Each of the three firms brought over 30 years of history and complementary strengths across mechanical, electrical, plumbing, and technology systems. Together they have already delivered landmark projects including the new Salt Lake City International Airport, the University of Utah campus infrastructure upgrade, and the Utah State Prison relocation, the kind of programme-scale work that requires the depth and integration only a larger unified entity can provide.
The Lynk story is worth watching. Peer-to-peer mergers of this kind, where no single firm acquires the others, but all parties combine as equals, are a different model to the PE-backed roll-up or large-firm acquisition that dominates M&A headlines. When it works, it preserves culture and client relationships while unlocking the scale to compete for bigger work.
Colliers Engineering Partners with FSB Architects + Engineers
Announced yesterday (12 May), Colliers Engineering & Design has entered into a definitive agreement to partner with Frankfurt-Short-Bruza Associates (FSB), an Oklahoma City-based multidisciplinary engineering and design firm founded in 1945 with over 140 professionals across five offices.

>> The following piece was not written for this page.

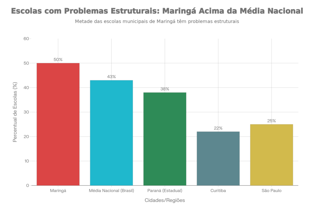 Metade das escolas municipais de Maringá possui problemas estruturais; taxa é superior à média nacional (43%) e significativamente maior que Curitiba (22%)
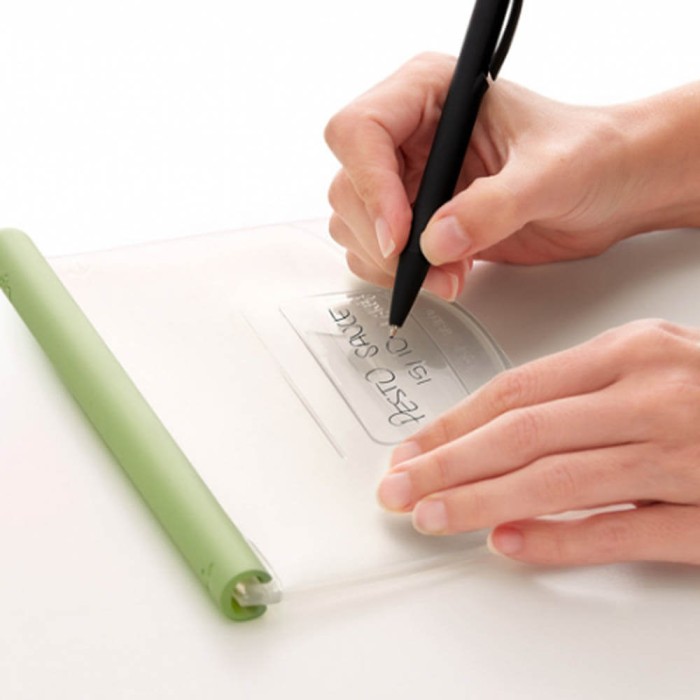 La bolsa de silicona lekue contiene una marca que indica la cantidad máxima hasta la que se debe llenar y un espacio para escribir e indicar el alimento en el interior, fecha de caducidad, etc.

The deal is expected to close in Q2 2026. It follows Colliers’ February announcement of a US$700 million acquisition of Ayesa Engineering, a Spanish multidisciplinary firm, which on completion will see Colliers Engineering operating across 23 countries with nearly 14,000 professionals. Colliers is building a genuinely global engineering platform at pace with building systems and mission-critical expertise playing an increasingly important role.
SGS and the Future of Data Centre Commissioning
One of the most interesting conversations we had at Data Centre World this year was with David Tyrrell, Business Manager for Commissioning, Qualification & Validation at SGS.
SGS’s Data Centre Commissioning offer is a division that’s grown rapidly as hyperscale and co-location operators demand more rigorous, lifecycle-integrated approaches to commissioning. SGS works across the full data centre lifecycle, from design and construction through to commissioning and long-term operations, embedding commissioning as a core component aligned with construction schedules and handover requirements.
In a recent news article, David put it plainly: “Integrated digital commissioning is the fastest path from construction to reliable operations. When commissioning is treated as a strategic function and supported by live system visibility and structured handover data, uncertainty at the most critical transition point is dramatically reduced.”
For owners and developers navigating compressed schedules and escalating infrastructure complexity, commissioning can no longer be viewed as a final phase, it must serve as the digital backbone that aligns construction, quality assurance, and operational readiness into one coordinated delivery strategy.
SGS operates across 115 countries with over 100,000 professionals, and their data centre commissioning practice is actively scaling to meet demand across hyperscale, Tier III, and Tier IV facilities globally. If you haven’t already crossed paths with David’s team, they’re well worth engaging.